**Directions:** Scan the records below for the line with "- 25 bars per" and the line with "看起来并不能直观的感受它的长", and retype that range exactly, both ends included, pictures excepted.
──────── Available data
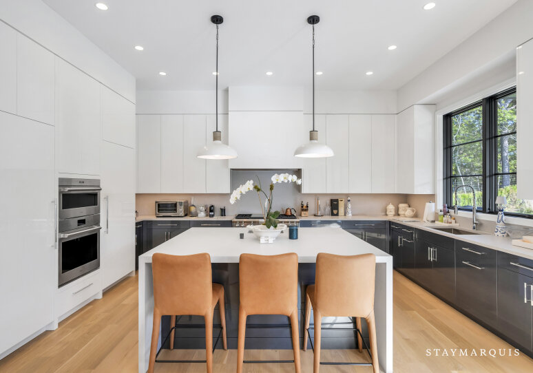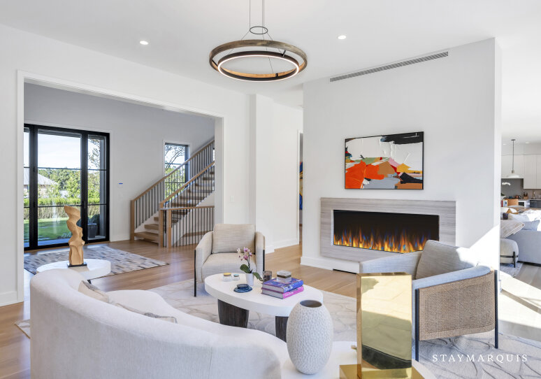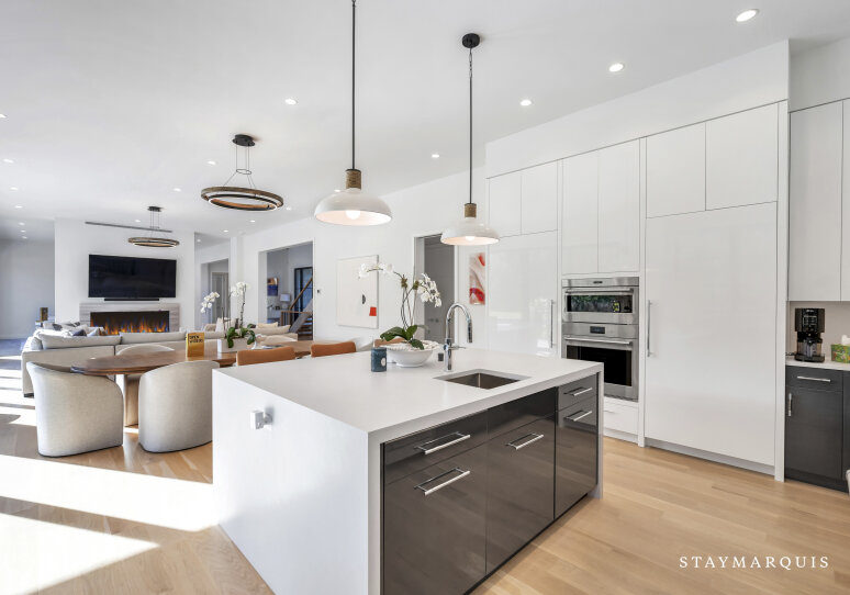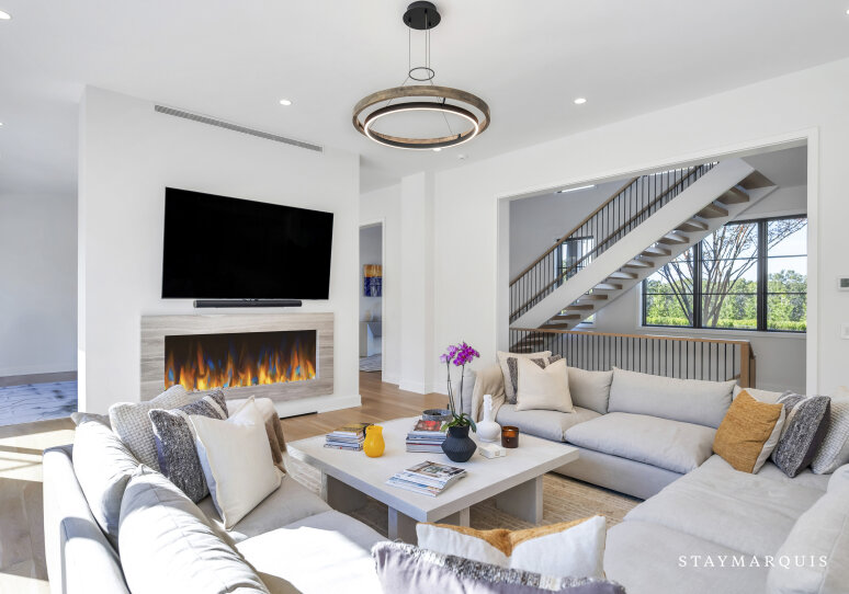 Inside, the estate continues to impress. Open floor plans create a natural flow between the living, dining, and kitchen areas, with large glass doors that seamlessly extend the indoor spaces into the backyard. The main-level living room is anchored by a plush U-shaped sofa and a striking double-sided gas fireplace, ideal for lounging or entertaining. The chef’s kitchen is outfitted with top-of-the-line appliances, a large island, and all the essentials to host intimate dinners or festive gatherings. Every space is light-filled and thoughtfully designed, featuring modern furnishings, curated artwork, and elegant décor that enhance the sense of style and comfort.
────────────────
──────── Available data
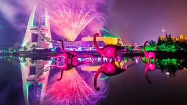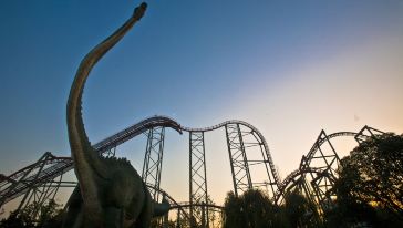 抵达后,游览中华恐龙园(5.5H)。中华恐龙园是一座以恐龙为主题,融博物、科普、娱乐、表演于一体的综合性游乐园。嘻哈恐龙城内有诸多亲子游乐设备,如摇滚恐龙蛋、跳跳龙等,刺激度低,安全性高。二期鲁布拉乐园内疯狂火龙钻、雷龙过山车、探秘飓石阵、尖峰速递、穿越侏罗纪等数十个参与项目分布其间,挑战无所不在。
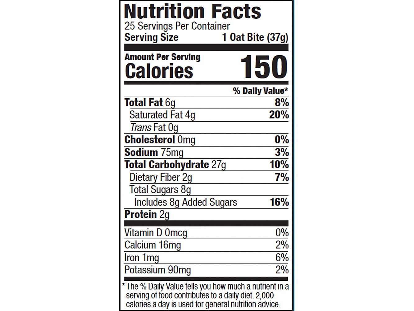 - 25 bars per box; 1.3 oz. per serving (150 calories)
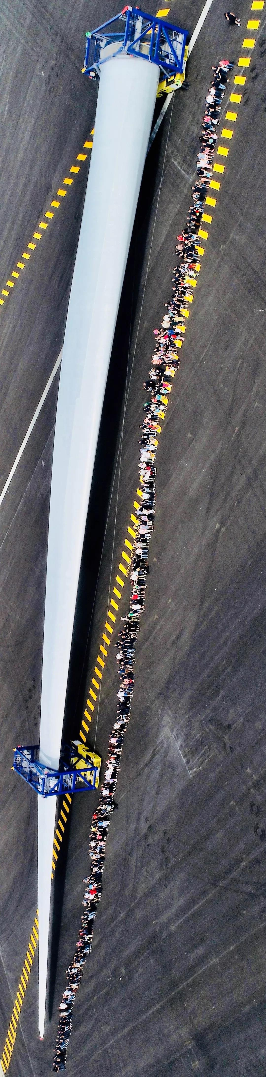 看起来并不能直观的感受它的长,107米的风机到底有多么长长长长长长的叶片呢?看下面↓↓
────────────────
**Solution to this exercise:**
 - 25 bars per box; 1.3 oz. per serving (150 calories)
 看起来并不能直观的感受它的长,107米的风机到底有多么长长长长长长的叶片呢?看下面↓↓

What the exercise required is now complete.